**EXTRACTED MATERIAL:**
>>>>

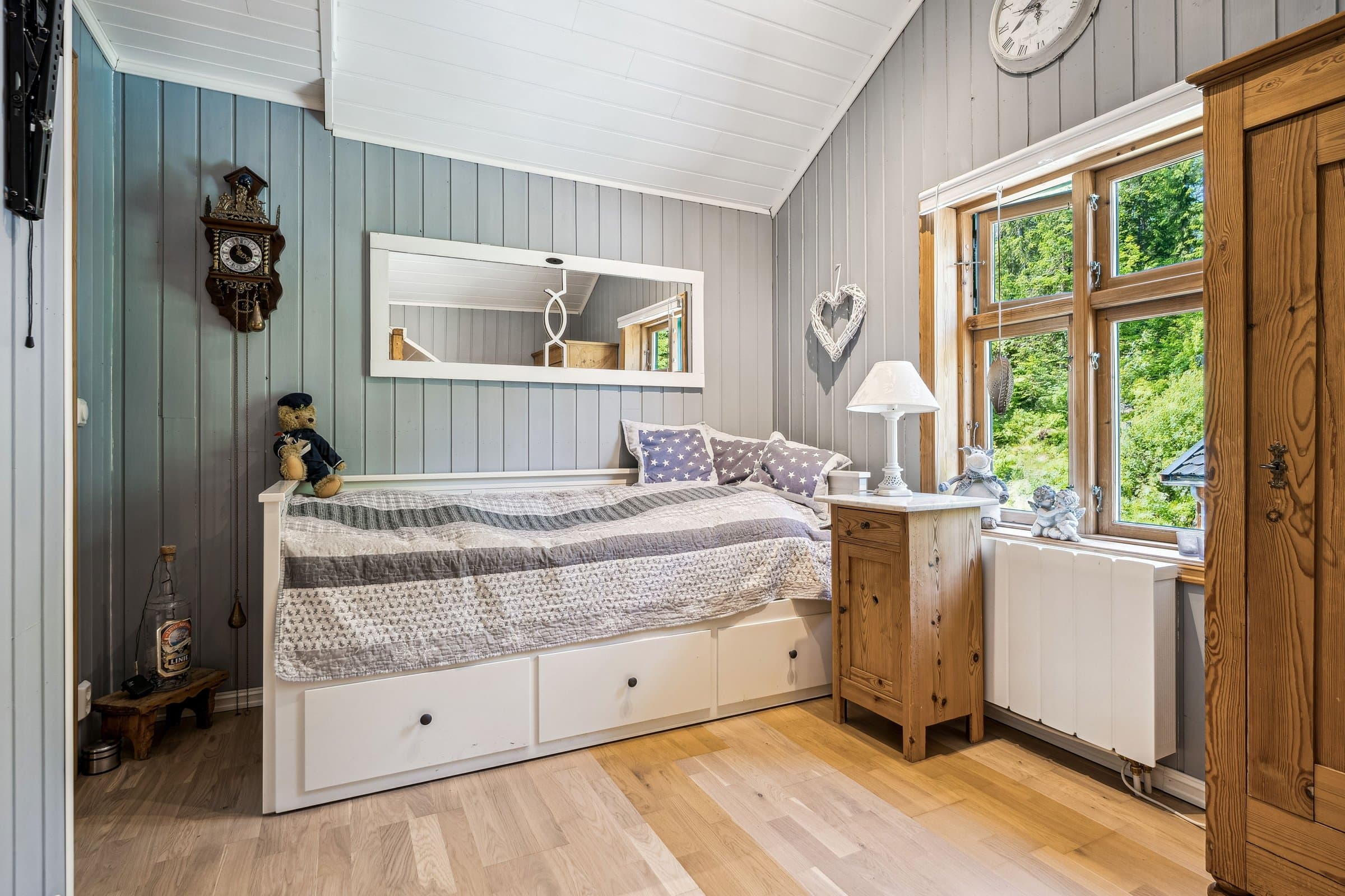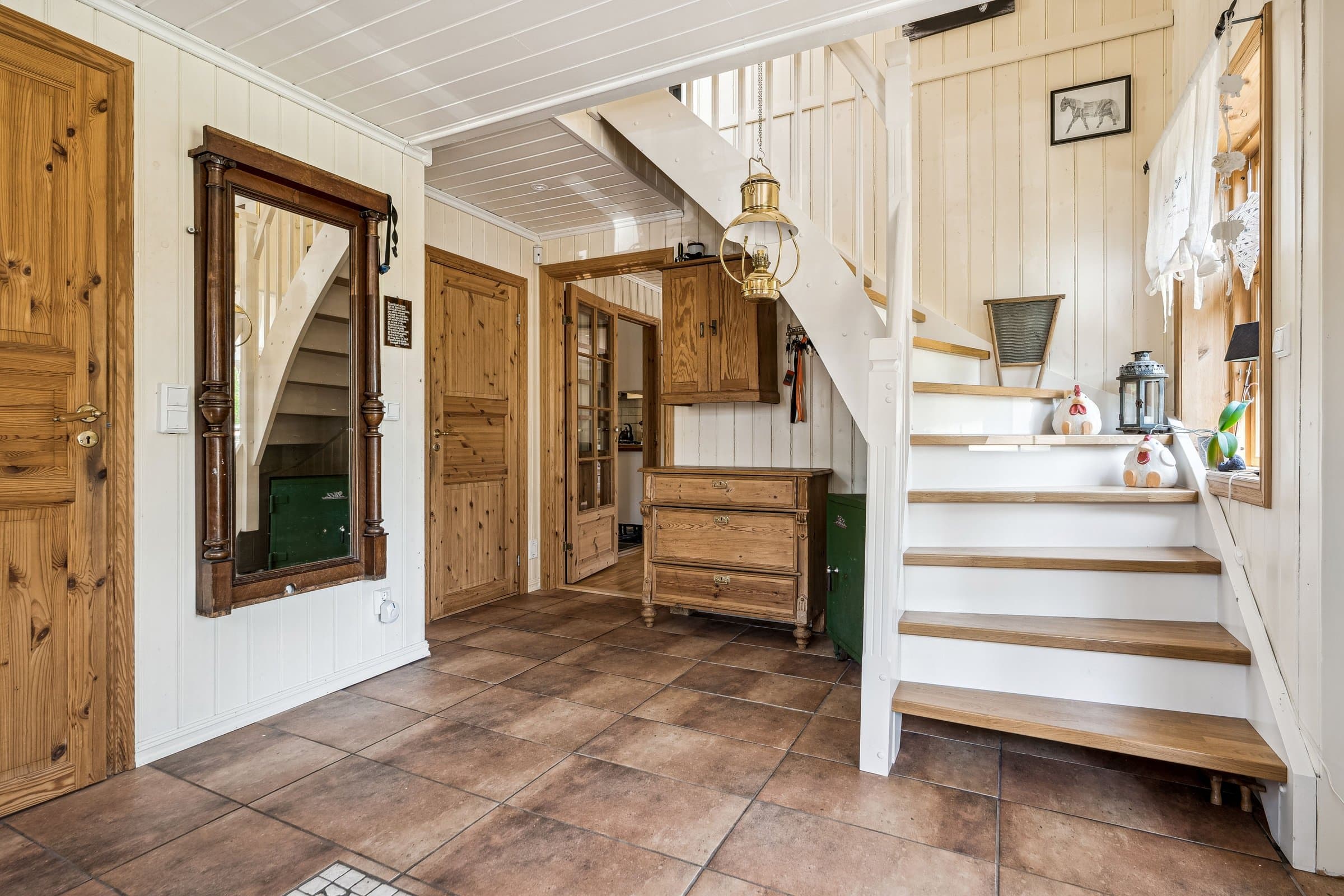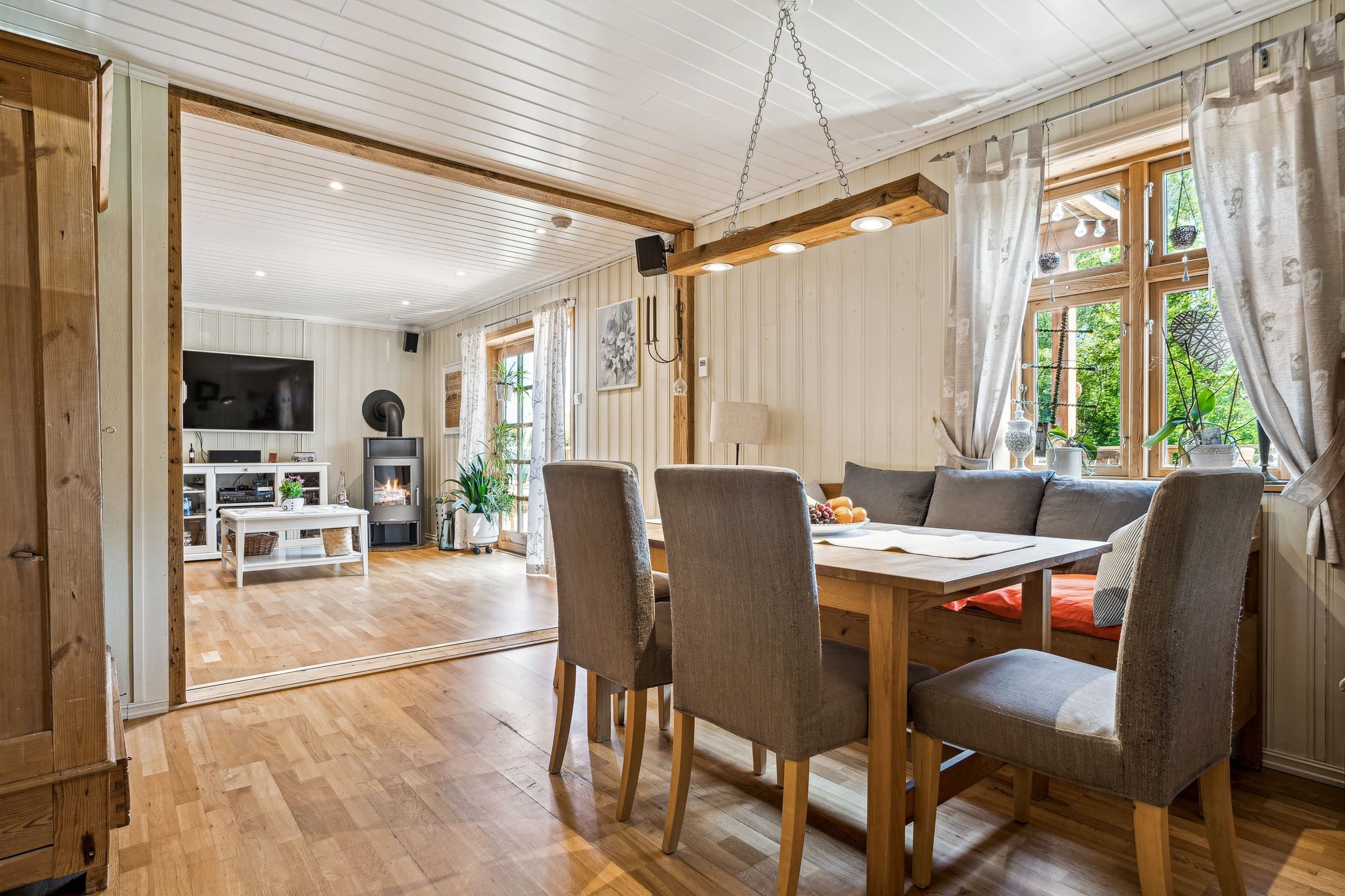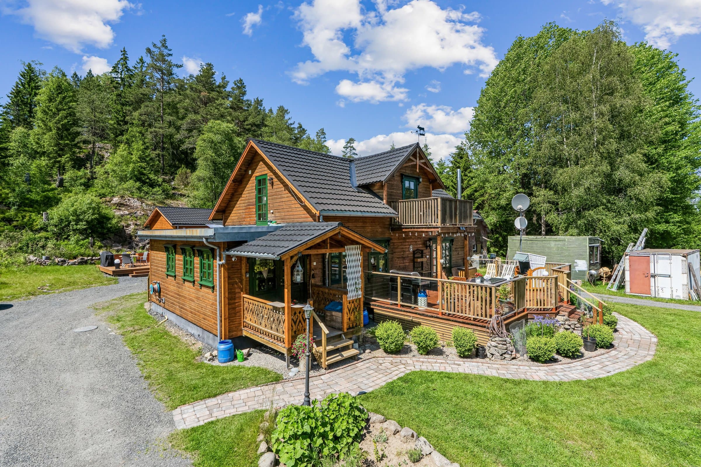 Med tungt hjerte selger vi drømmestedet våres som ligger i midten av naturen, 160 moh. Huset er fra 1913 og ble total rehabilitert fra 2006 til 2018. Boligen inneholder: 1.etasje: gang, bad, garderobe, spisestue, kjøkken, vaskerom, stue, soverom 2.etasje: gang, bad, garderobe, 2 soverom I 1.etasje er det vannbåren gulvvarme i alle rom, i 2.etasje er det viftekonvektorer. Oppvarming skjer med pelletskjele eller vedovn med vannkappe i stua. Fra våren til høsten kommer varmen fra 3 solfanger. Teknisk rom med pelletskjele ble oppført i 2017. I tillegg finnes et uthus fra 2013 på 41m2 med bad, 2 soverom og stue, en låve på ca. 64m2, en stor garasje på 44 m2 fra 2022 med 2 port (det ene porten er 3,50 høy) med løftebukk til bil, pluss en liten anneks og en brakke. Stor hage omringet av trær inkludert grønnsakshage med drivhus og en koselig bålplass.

<<<<
>>>>

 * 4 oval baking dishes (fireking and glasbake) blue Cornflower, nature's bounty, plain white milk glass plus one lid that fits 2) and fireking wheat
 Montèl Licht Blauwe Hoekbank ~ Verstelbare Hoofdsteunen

<<<<

When you reach the line containing "and fireking wheat" in the data above, start copying exactly, and stop after the line containing "Montèl Licht Blauwe".

 * 4 oval baking dishes (fireking and glasbake) blue Cornflower, nature's bounty, plain white milk glass plus one lid that fits 2) and fireking wheat
 Montèl Licht Blauwe Hoekbank ~ Verstelbare Hoofdsteunen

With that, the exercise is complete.